-- PROBLEM TO SOLVE --
Only the pictures should be left out; repeat the rest of the data exactly.
[DATA SHOWN — start]
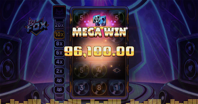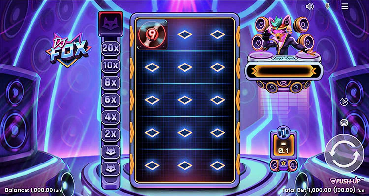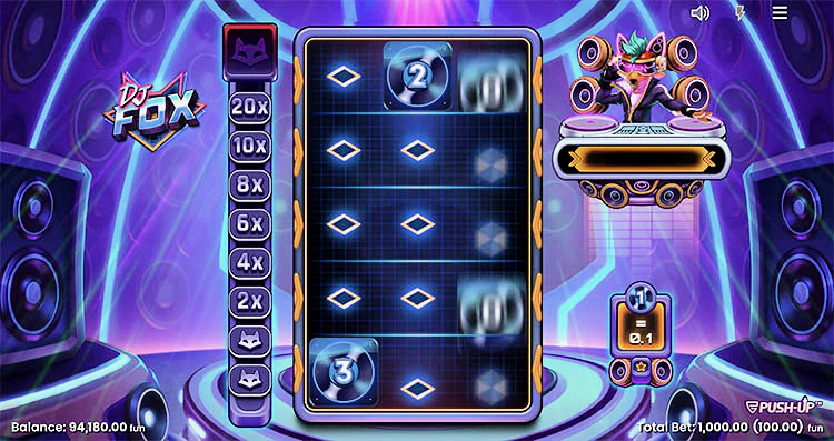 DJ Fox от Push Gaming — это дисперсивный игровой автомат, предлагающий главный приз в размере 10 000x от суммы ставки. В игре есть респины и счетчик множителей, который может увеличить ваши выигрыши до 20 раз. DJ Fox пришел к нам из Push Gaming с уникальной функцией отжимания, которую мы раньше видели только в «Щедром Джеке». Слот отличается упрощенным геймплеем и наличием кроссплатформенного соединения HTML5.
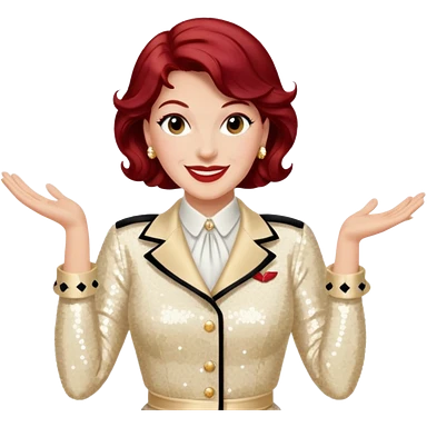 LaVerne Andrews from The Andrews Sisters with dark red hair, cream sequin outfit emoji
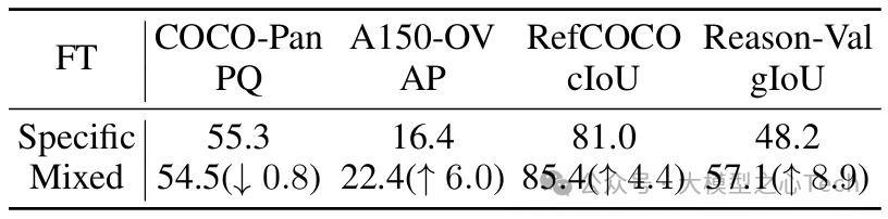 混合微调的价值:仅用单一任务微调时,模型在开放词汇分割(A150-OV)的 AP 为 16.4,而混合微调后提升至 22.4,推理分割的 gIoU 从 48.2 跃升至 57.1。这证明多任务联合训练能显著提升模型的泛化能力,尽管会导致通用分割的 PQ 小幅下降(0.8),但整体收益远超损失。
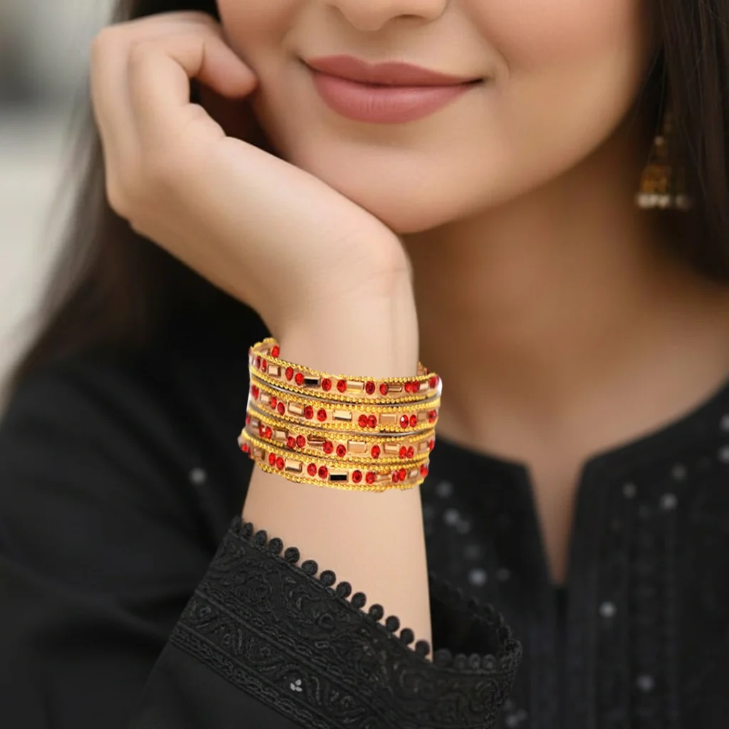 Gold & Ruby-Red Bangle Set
[DATA SHOWN — finish]
-- YOUR RESPONSE --
 DJ Fox от Push Gaming — это дисперсивный игровой автомат, предлагающий главный приз в размере 10 000x от суммы ставки. В игре есть респины и счетчик множителей, который может увеличить ваши выигрыши до 20 раз. DJ Fox пришел к нам из Push Gaming с уникальной функцией отжимания, которую мы раньше видели только в «Щедром Джеке». Слот отличается упрощенным геймплеем и наличием кроссплатформенного соединения HTML5.
 LaVerne Andrews from The Andrews Sisters with dark red hair, cream sequin outfit emoji
 混合微调的价值:仅用单一任务微调时,模型在开放词汇分割(A150-OV)的 AP 为 16.4,而混合微调后提升至 22.4,推理分割的 gIoU 从 48.2 跃升至 57.1。这证明多任务联合训练能显著提升模型的泛化能力,尽管会导致通用分割的 PQ 小幅下降(0.8),但整体收益远超损失。
 Gold & Ruby-Red Bangle Set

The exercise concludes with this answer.